Петр остался около саней, а мы с Чулковым направились к ближайшему бревенчатому дому, постучали в покрывшееся толстым инеем окно. Пройдя затем через темные холодные сени, оказались в освещенной крохотным огоньком комнате с запахом пеленок. Женщина в накинутом на плечи полушубке, из-под которого выглядывала длинная белая рубашка, качала на руках плачущего ребенка. Кто-то кряхтел на печке. В тепле меня сразу разморило и потянуло в сон, хотя я и крепился перед Чулковым.

Плач ребенка в этих деревянных стенах, под низким потолком почему-то не раздражал, а лишь убаюкивал меня и порождал неясную тревогу в сердце. Как это было несовместимо — беспомощный младенец на руках у матери и рвущийся в этот дом с автоматом в руках безжалостный враг, жаждущий убивать все живое… На какое-то время голова моя повисла над дулом карабина, который я не выпускал из рук.

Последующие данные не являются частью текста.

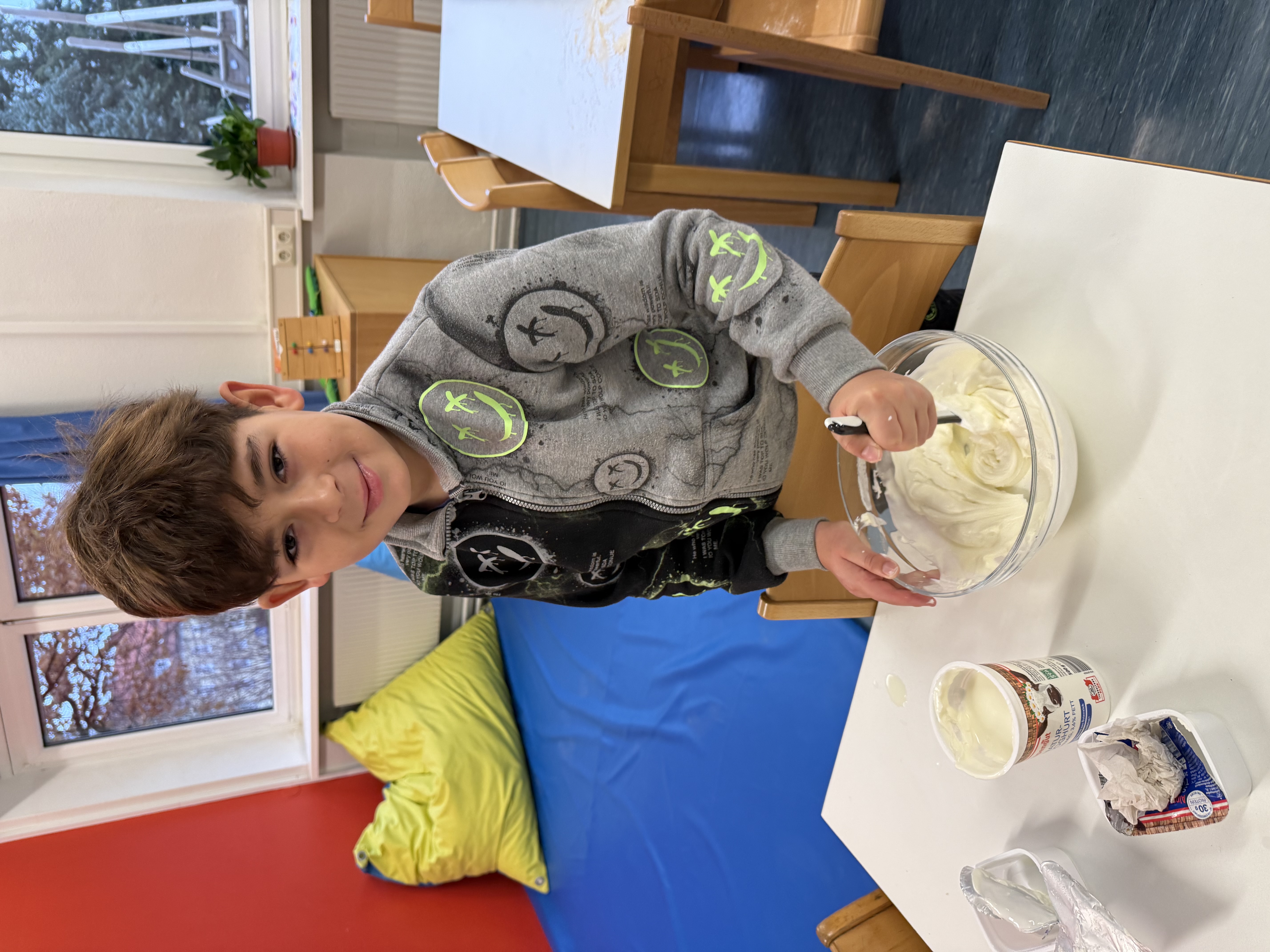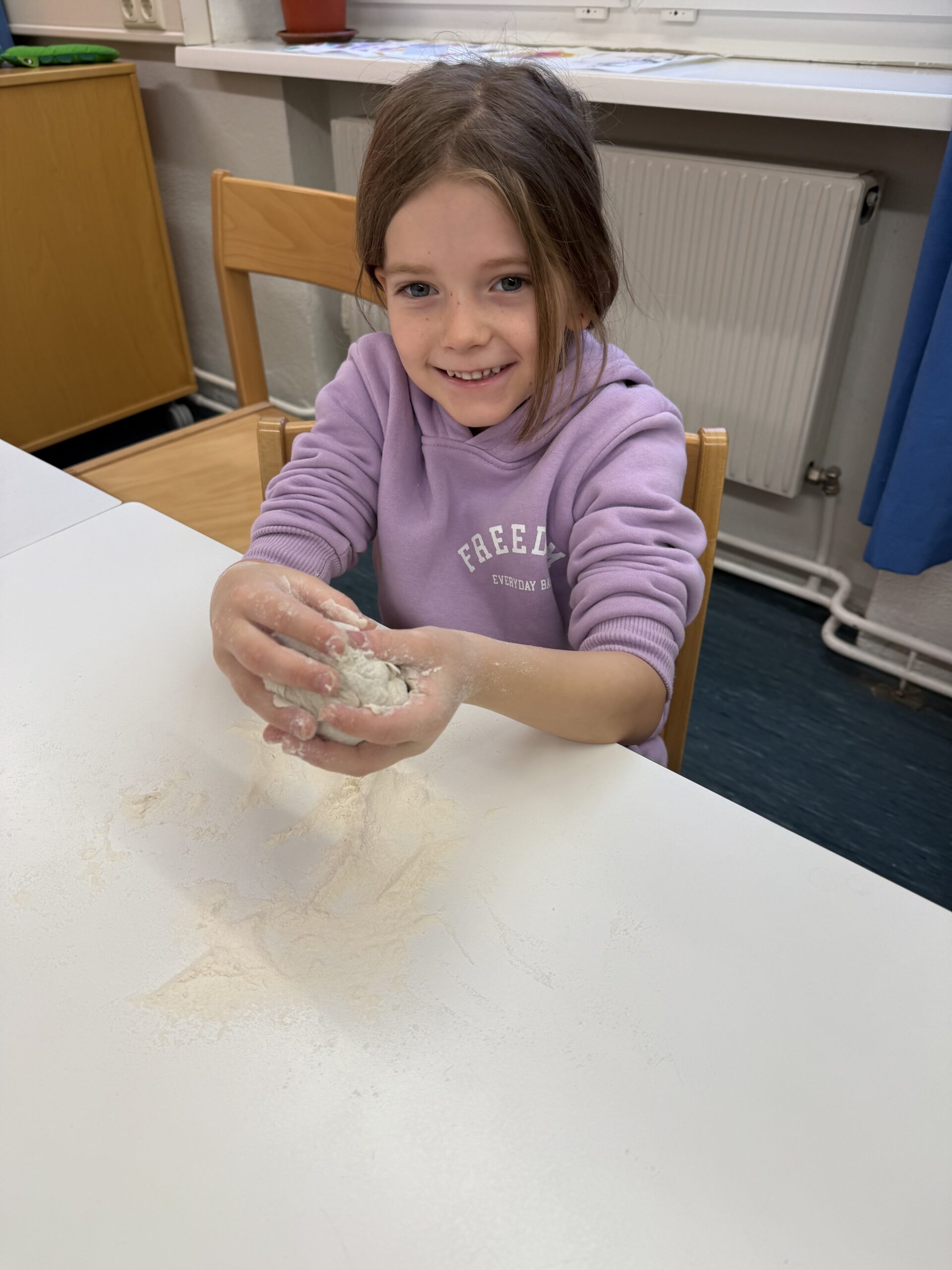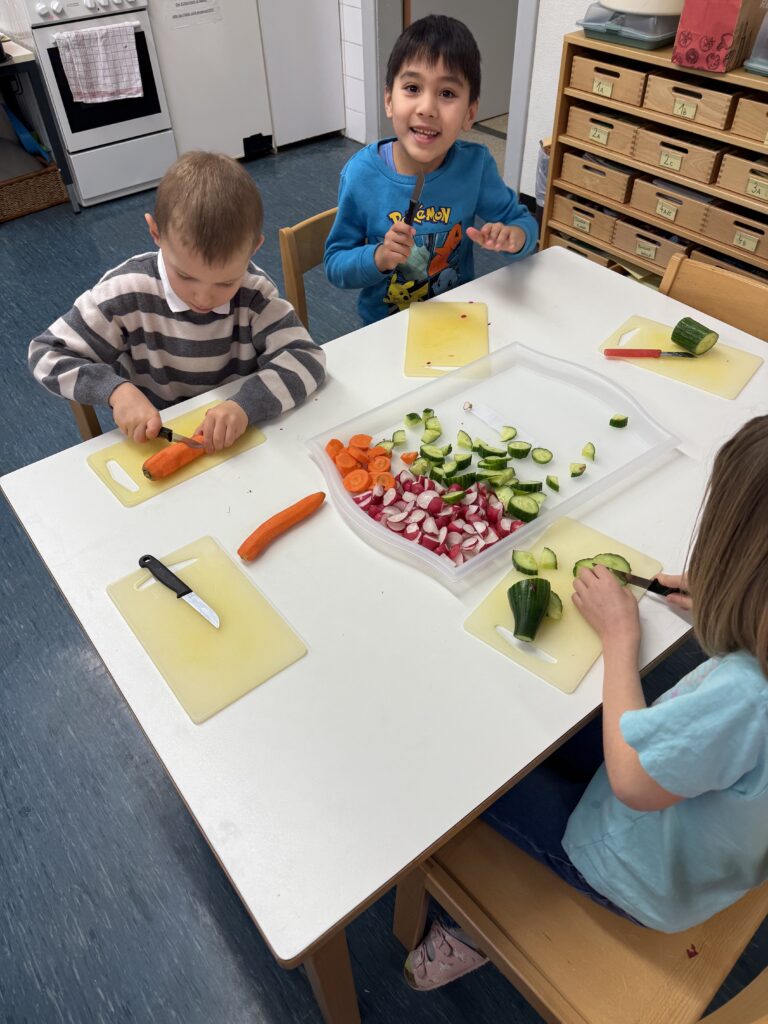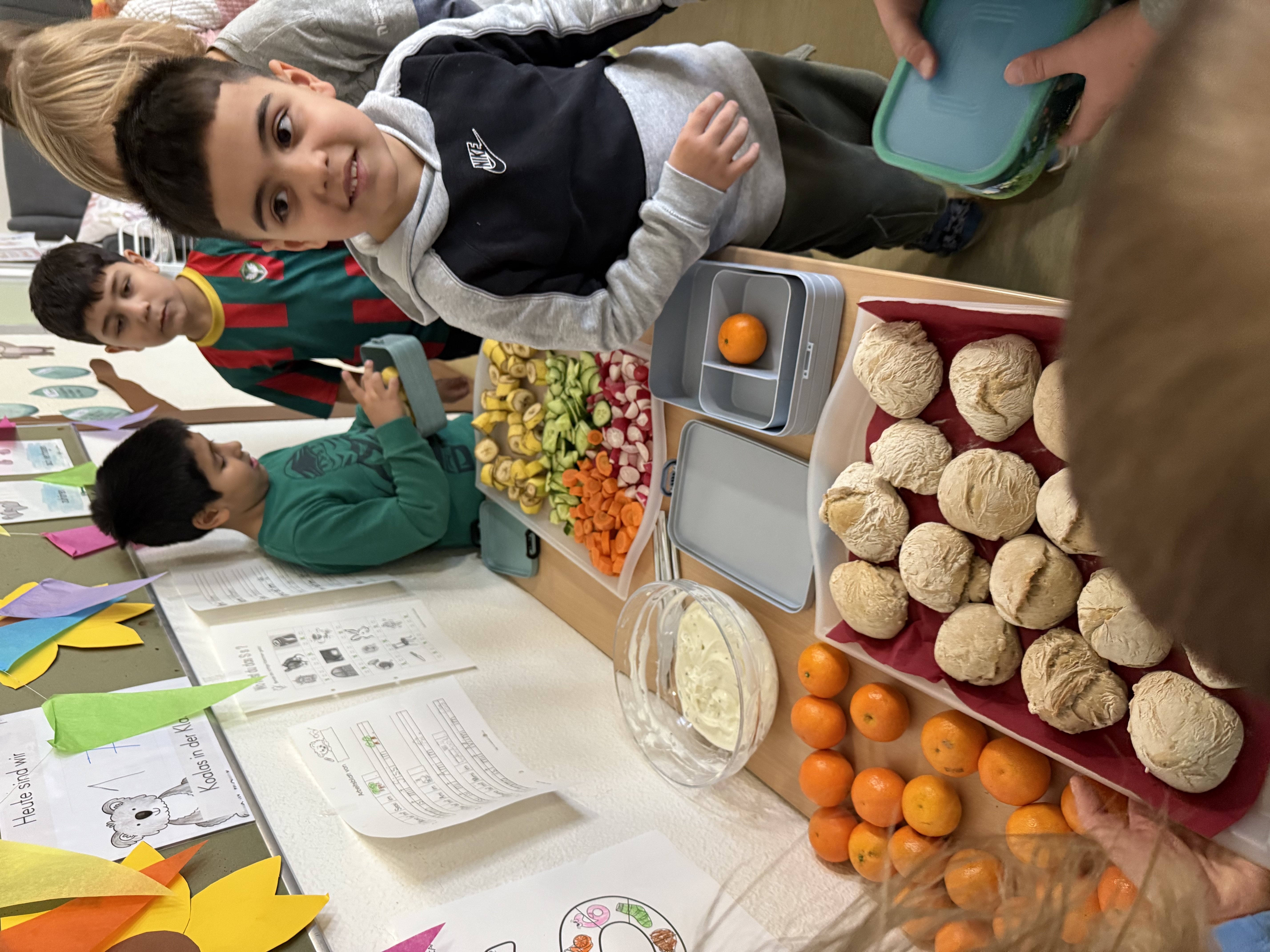 Gemeinsam wird geschnitten, vorbereitet, probiert – und dabei nicht nur gegessen, sondern auch gelernt, Verantwortung zu übernehmen. Ein besonderes Highlight: Heute hat die Klasse ihr eigenes Brot gebacken.
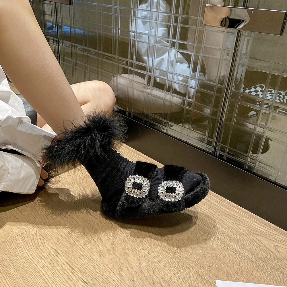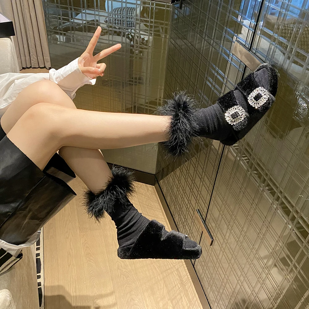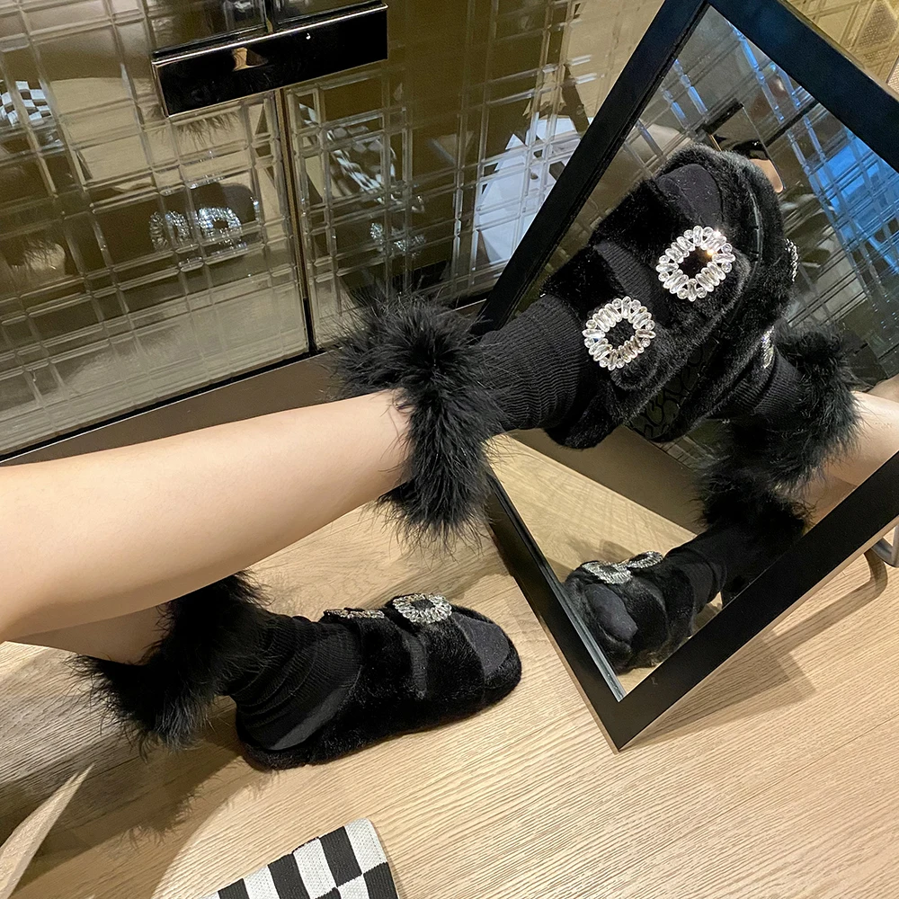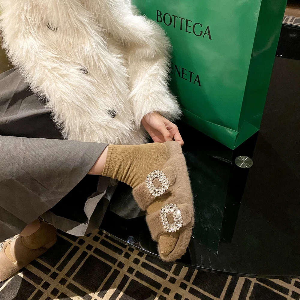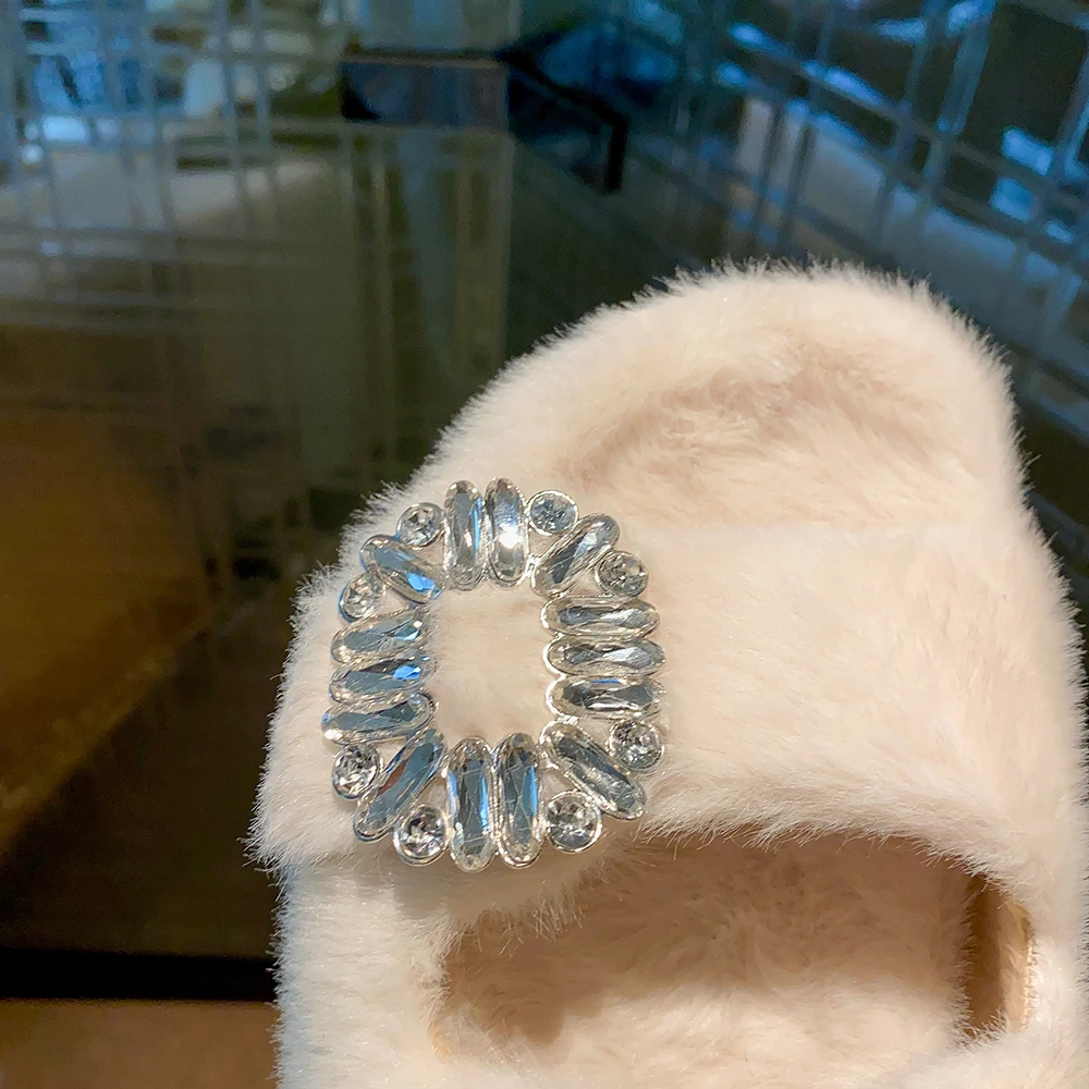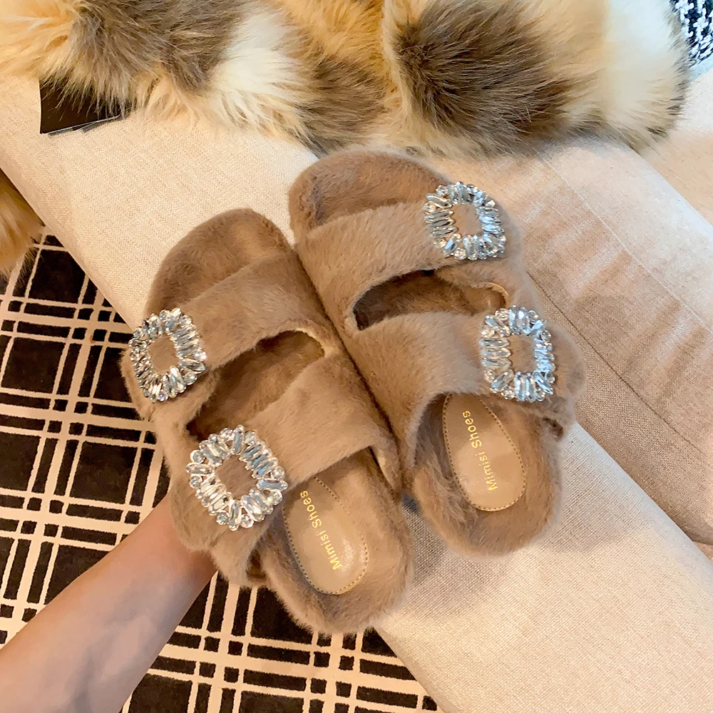 LBSFY - Round Toe Women Slides Slippers Open Toe Fur Summer Dress Shoes Flat Low Heels Black Beige White Slip On Casual Party Pumps 39
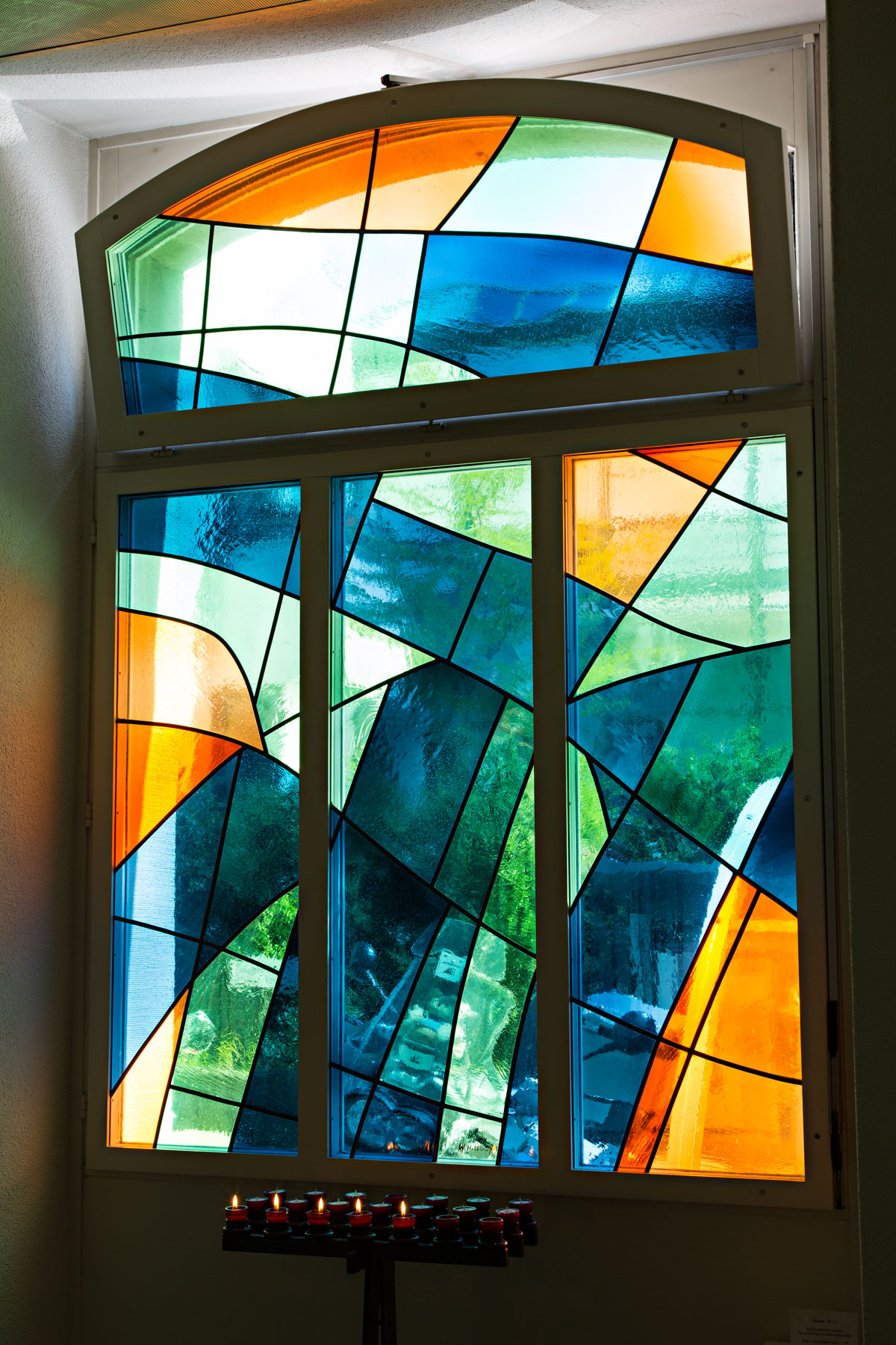 Katonspital Aarau, Tauben und Auferstehung, Farbfenster, 1957 und 1996

От громового залпа ударившей где-то рядом артиллерийской батареи зазвенели окна, вздрогнула земля, покачнулся дом. Я вскочил с табуретки и, оглянувшись, понял, что успел до этого задремать.

— Так можно и Москву проспать, — проговорил Чулков, направляясь к двери.

На улице у покрывшихся инеем лошадей уже хлопотали ездовые. Заскрипели на морозе сани и повозки. Батальон выдвигался на передний край.

Мы с Чулковым поспешили к комбату, прихватив с собой ручной пулемет и несколько дисков к нему.

Роты разгребали глубокий снег и вгрызались в мерзлую, заледеневшую землю. Нам все это было хорошо видно с пригорка на краю села, где по приказанию комбата мы рыли свой окоп, создавая один из опорных пунктов батальона с круговой обороной.

А впереди позиций батальона, за лесом, с утра разгорался жестокий бой. Мы все время прислушивались то к нарастающей, то к утихающей перестрелке и посматривали на видневшееся недалеко шоссе. Но только на третий день перед позициями нашего батальона появились гитлеровцы.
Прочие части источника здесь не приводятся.